Working with MongoDB turns out to be fairly straightforward, as I showed in several examples last month. Once you have set up a database and a collection, you can add, remove and modify records using a combination of objects in your favorite language and the MongoDB query language.
The fact that it's easy to work with MongoDB doesn't mean that it's lacking in high-powered features, however. This month, I describe some of the features you're likely to use if you incorporate MongoDB into your applications, such as indexing and object relationships. If you're like me, you'll see there is a lot to like; plus, using MongoDB prods you to think about your data in new and different ways.
As I explained last month, MongoDB has its own query language, allowing you to retrieve records whose attributes match certain conditions. For example, if you have a book database, you might want to find all books with a certain title. One way to perform such a retrieval would be to iterate over each of the records, pulling out all those that precisely match the title in question. In Ruby, you could express this as:
books.find_all {|b| b.title == search_title}
The problem with this approach is that it's quite slow. The system needs to iterate over each of the items, which means as the list of books grows, so too will the time it takes to find what you're seeking.
The solution to this problem, as database programmers have long known, is to use an index. Indexes come in various forms, but the basic idea is that they allow you to find all records with a particular value for the title immediately (or any column field), without having to scan through each of the individual records. It should come as no surprise, then, that MongoDB supports indexes. How can you use them?
Continuing with this book example, I inserted about 43,000 books into a MongoDB collection. Each inserted document was a Ruby hash, storing the book's ISBN, title, weight and publication date. Then, I could retrieve a book using MongoDB's client program, which provides an interactive JavaScript interface:
./bin/mongo atf
> db.books.count()
38202
> db.books.find({isbn:'9789810185060'})
{ "_id" : ObjectId("4b8fca3ef23f3c614600a8c2"),
"title" : "Primary Mathematics 4A Textbook",
"weight" : 40,
"publication_date" : "2003-01-01",
"isbn" : "9789810185060" }
The query certainly seems to execute quickly enough, but if there were millions of records, it would slow down quite a bit. You can give the database server a speed boost by adding an index on the isbn column:
> db.books.ensureIndex({isbn:1})
This creates an index on the isbn column in ascending order. You also could specify -1 (instead of 1) to indicate that the items should be indexed in descending order.

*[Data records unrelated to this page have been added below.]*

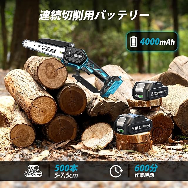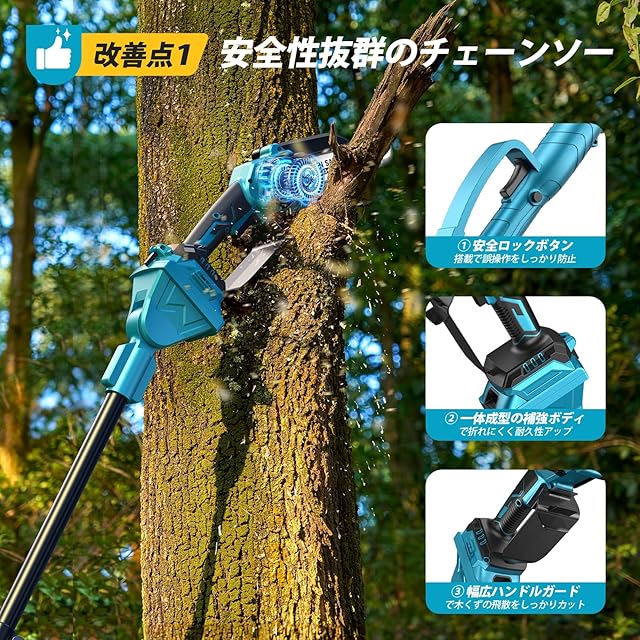 【充実のセット内容・安心の品質】■セット内容(各1点):電動ハンディチェーンソー、電動剪定ばさみ、延長ポール、大容量バッテリー×2、専用充電器、バー保護カバー、肩掛けベルト、保護メガネ、作業用手袋、日本語取扱説明書。商品に問題があれば、弊社までご連絡ください。24時間以内に迅速対応いたします。初期不良と判断された場合は無料交換いたします。ご不明点はお気軽に「店名」ページの『質問する』からお問い合わせください。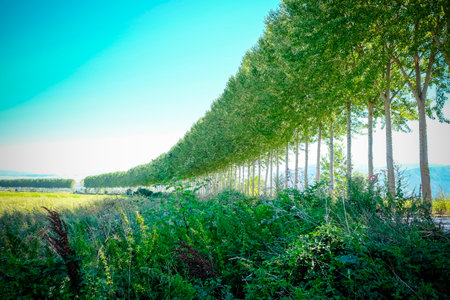 A scenic wide view of a long, straight row of tall poplar trees standing against a clear sky, with lush green fields in the foreground. High quality photo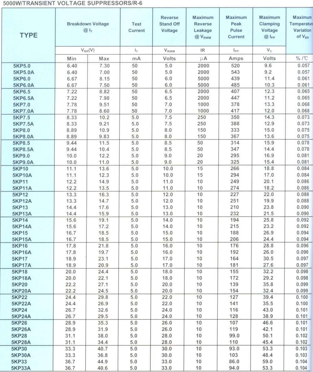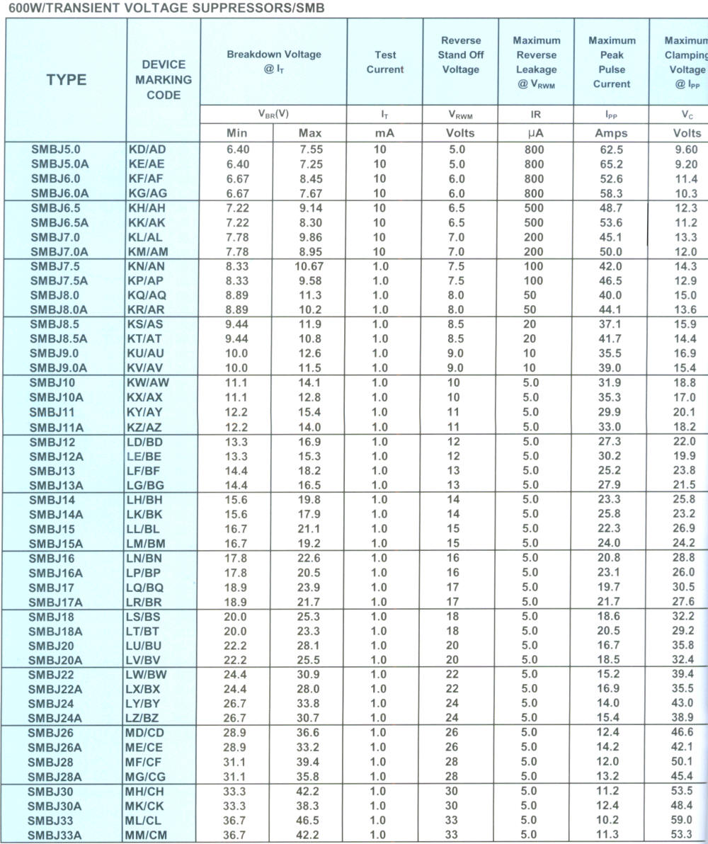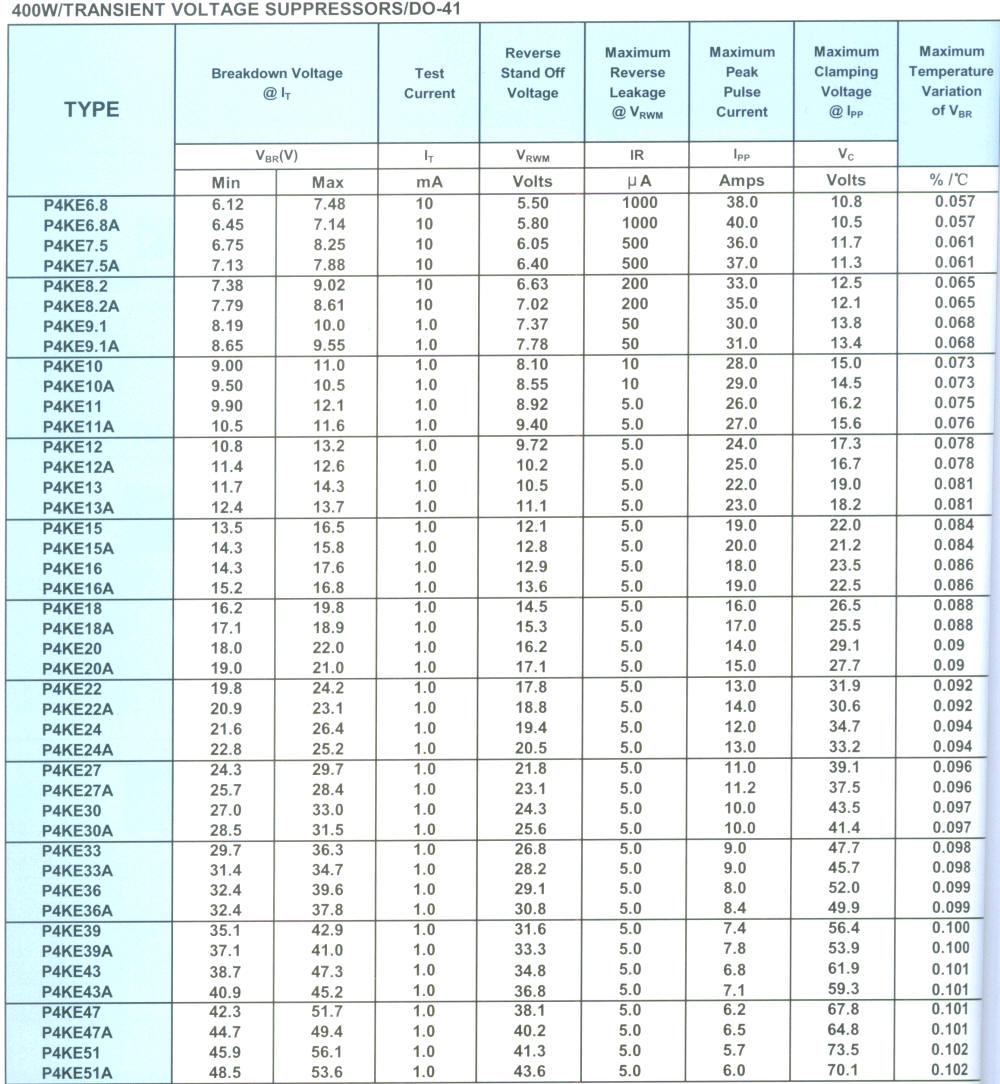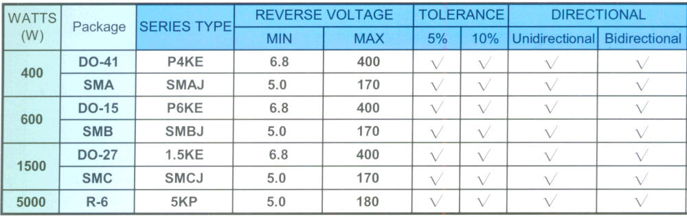 TRANSIENT VOLTAGE SUPPRESSORS

Just as a relational database automatically puts an index on the “primary key” column of a table, MongoDB automatically indexes the unique _id attribute on a collection. Every other index needs to be created manually. And indeed, now if you get a list of the indexes, you will see that not only is the isbn column indexed, but so is _id:
> db.books.getIndexes()
[
{
"name" : "_id_",
"ns" : "atf.books",
"key" : {
"_id" : ObjectId("000000000000000000000000")
}
},
{
"ns" : "atf.books",
"key" : {
"isbn" : 1
},
"name" : "isbn_1"
}
]
Now you can perform the same query as before, requesting all of the books with a particular ISBN. You won't see any change in your result set; however, you should get a response more quickly than before.
You also can create a compound index, which looks at more than one key:
> db.books.ensureIndex({title:1, weight:1})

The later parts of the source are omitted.